Single by Johnny Cash and the Tennessee Two

from the album Sings Hank Williams
- A-side: "Port of Lonely Hearts" "Mean-Eyed Cat"
- Released: October 1960
- Genre: country
- Label: Sun 347
- Songwriter(s): Johnny Cash

Music video
- "Port of Lonely Hearts" (audio only) on YouTube

= Port of Lonely Hearts =

"Port of Lonely Hearts" is a song written and originally recorded by Johnny Cash.

The song was recorded by Cash at Sun Records in 1955. Sun released it as a single (Sun 347, with "Mean-Eyed Cat" on the opposite side) in October 1960 when Cash had already left the label for Columbia.

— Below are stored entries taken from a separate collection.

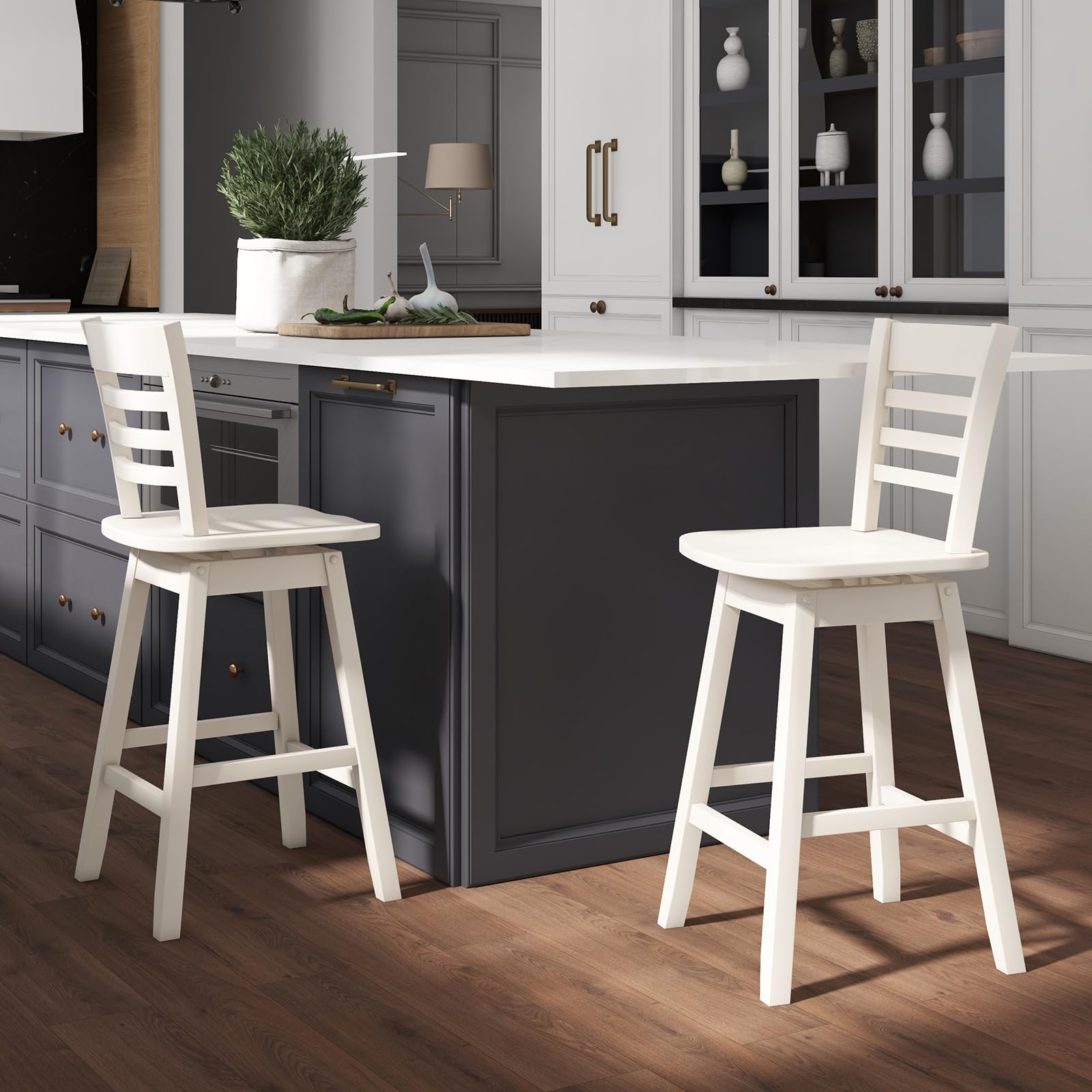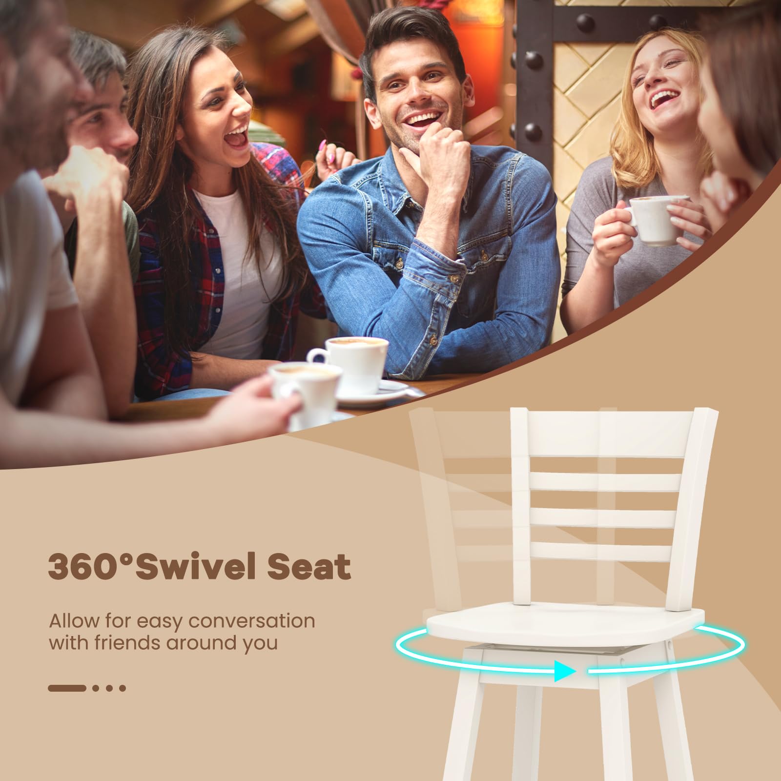 Giantex Wood Bar Stools, Swivel Counter Height Bar Stools with Slatted Hollow Back & Ergonomic Contoured Seat
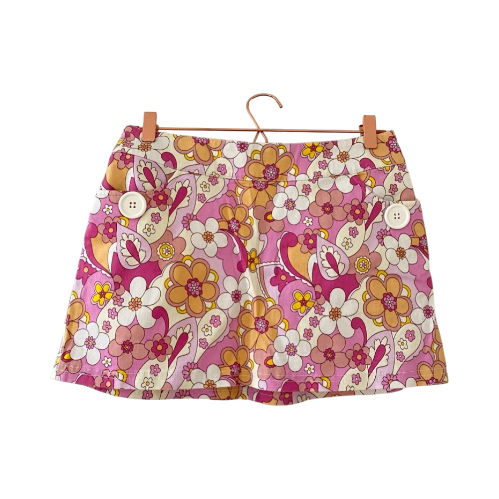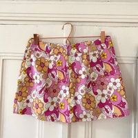 Värikäs kukkakuvioitu vintage Only-merkkinen minihame. Kokolapussa 40, Pienehkö koko, mielestäni vastaa M-kokoa. Tästä esim. Halloweeniksi barbie-asuun tms.
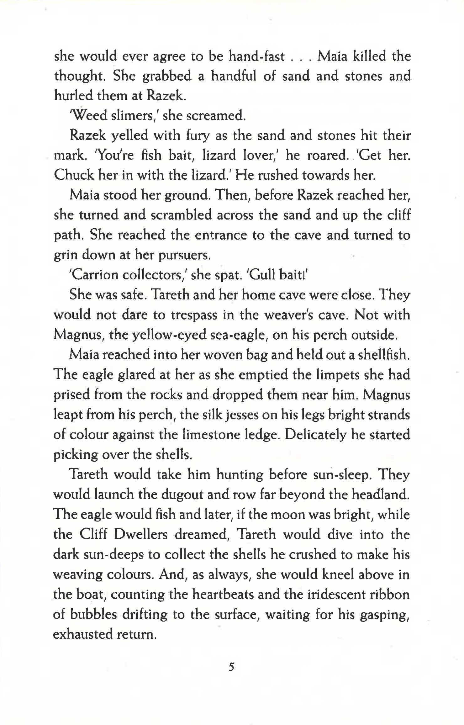 On her 13th birthday Maia, who has been brought up by Tareth, the weaver and warrior who she has always believed is her father, falls into an adventure that will take her on a perilous journey to a kingdom poisoned by bitterness and jealousies. A kingdom that she must save. Tareth is no ordinary weaver - the silk he weaves sings of destiny and danger, of Maia's future. Because she is no ordinary girl either. She has always been the flame-headed outsider among the Cliff Dwellers, but she doesn't want to listen to the song of the silk, or to the terrifying words of the village Watcher. Guarding her secret, denying her future, Maia steps into places she has never explored where she'll encounter mercenaries, spies, friends and enemies. And where she will face her destiny as a Sun Catcher.

== Composition and background ==
According to C. Eric Banister's Johnny Cash FAQ: All That's Left to Know About the Man in Black,

"Port of Lonely Hearts" [...] offered an early glimpse at Cash's willingness to experiment with his sound by overdubbing a second vocal line, providing harmony as well as a call-and-response part. “Port of Lonely Hearts,” like several other songs from early sessions, would later be released after Cash had made his move to Columbia.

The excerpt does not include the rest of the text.